Glass Half Full: JT Mulvihill’s positive impact on and off the field

VIDEO – On the sidelines of Arizona College Prep’s football field is where you’ll find JT Mulvihill.

The gridiron has been his second home for as long as he can remember.

Just a high school junior himself, he’s taken on a coaching role on the Freshman Football Team staff.

“I love football,” Mulvihill said. “I love coaching it. I help out with a little bit of everything. Help coach linebackers. Help coach defense. Help coach offense. Anything that they need me to do, I fill in.”

“He’s found a place and he’s found something that fits him,” Taragh Mulvihill, JT’s mom, said.

What his infectious energy and smile won’t tell you are the challenges he’s faced on the road to that place.

“I had some catastrophic eye injuries and my retina detached and left me blind in my left eye but I’m not able to play anymore,” JT said.

“We were never really sure what would happen after JT had the retinal detachment and then the eight surgeries to attempt to build back up his eye,” Taragh said.

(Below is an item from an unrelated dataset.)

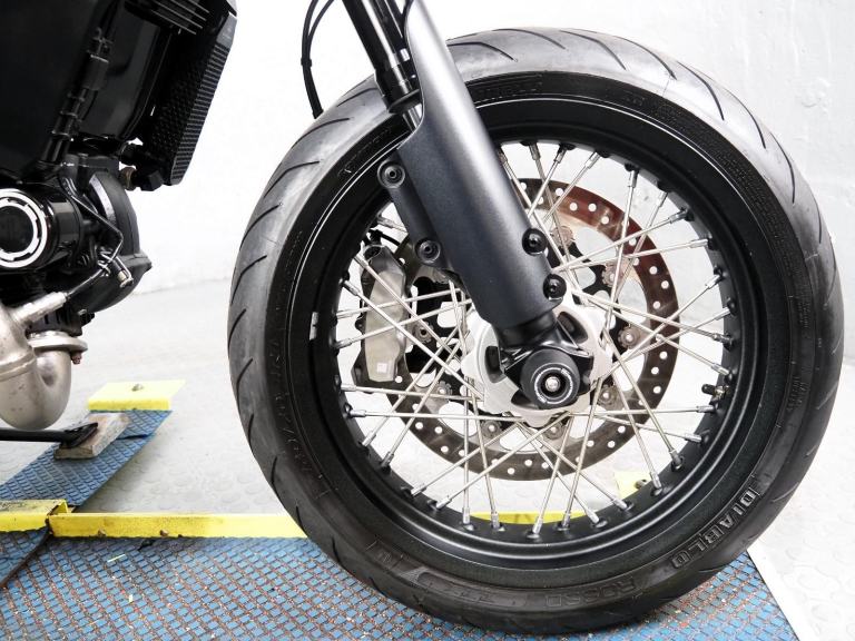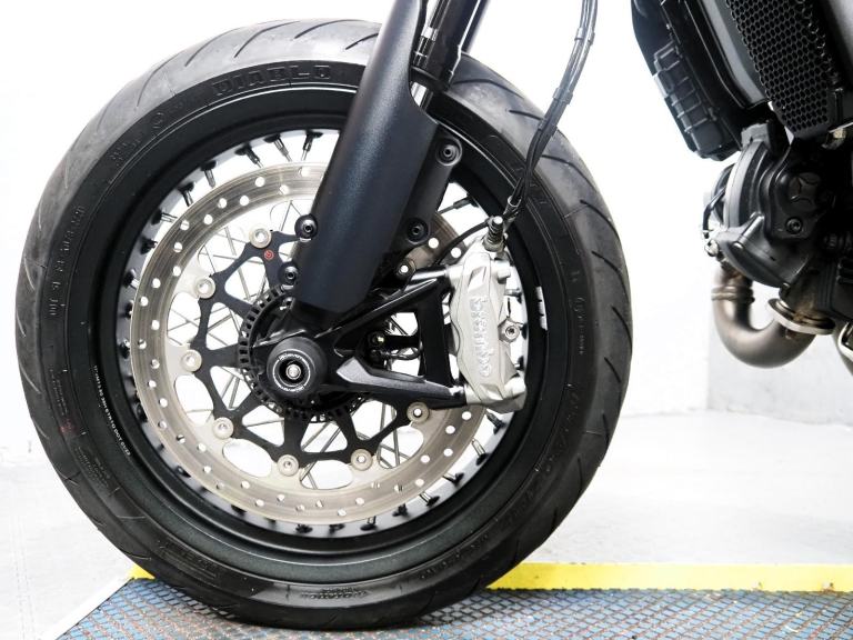 The Urban Motard is the most agile 800cc Scrambler in the lineup, featuring 17-inch spoked wheels, Pirelli Diablo Rosso III tires, and that unmistakable supermoto-inspired high front mudguard.

He isn’t cleared to play because his genetic disorder still puts him at risk to lose sight in his right eye, but he had to stay close to the game somehow.

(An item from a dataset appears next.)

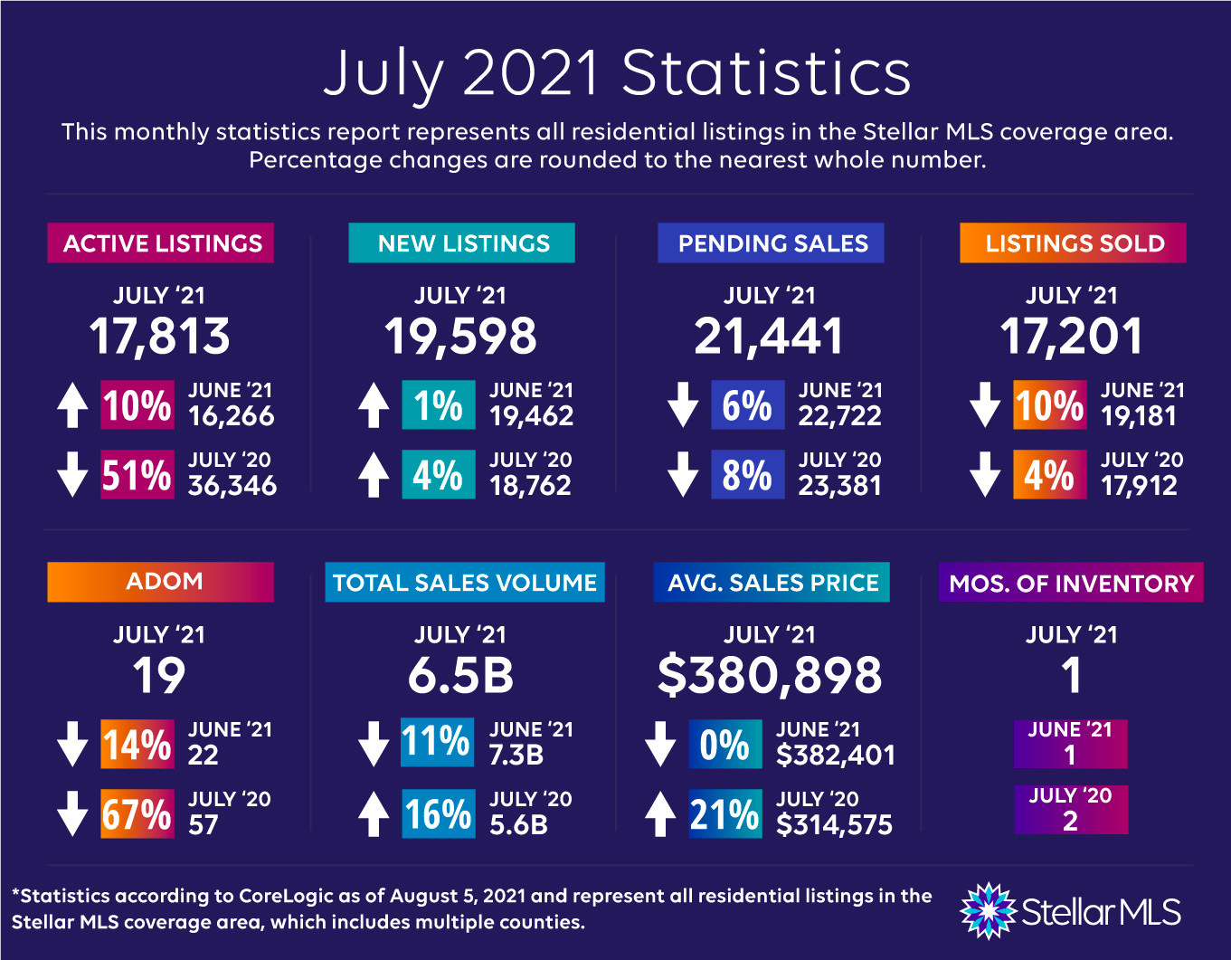 Stellar MLS publishes county-level real estate statistics and key stats from Matrix for our coverage area mid-to-late month, every month, for the previous month’s activity. Following are the latest stats available to quickly get you up to speed on real estate trends in our area.

“The first time I was out on the field when they were asking me questions like, ‘Hey, how do I do this?,’ and I was able to explain it, I was like, ‘Oh my goodness – this is it!,’” JT said.

Knights Football head coach Myron Blueford noticed JT’s mentality shift when he put on the coaches shirt.

“Even when he was doing drills with us, I know it was in the back of his mind – the things that could possibly happen,” Blueford said. “This is a role where he doesn’t have to worry about that.”

‘Coach JT,’ as they call him, reignited his passion on the field and his confidence off of it.

“You could see the maturity and responsibility knowing that he had freshmen that were looking up to him as one of those leaders,” Blueford said.

After receiving more difficult news, football is not only his love, but an escape.

“We haven’t had the easiest time,” Taragh said. “Between JT’s eyes and this past year, my husband’s had a cancer diagnosis and our kids have really… they’re powerful little beings. My kids, they look at some of these things and they look at us and they look at the support that we give each other and they say, ‘We’re gonna be okay. We’re gonna make it through.’”

JT hasn’t just been making it through, he’s been breaking through.

This time, by spending two years designing a helmet liner to soften hits to the head – a project that finished 2nd in a national competition. 

“Because it ended so early for me…that pain…I never want anybody to ever go through that again,” JT said. “If there’s someone like me or someone who was like me, that aspires to play football, maybe they get a shot that I didn’t and I think that would be awesome for them.”

JT has helped lead ACP Freshman Football to a dominant season and JT’s father, John, has just completed clinical trials as the family remains optimistic about the future.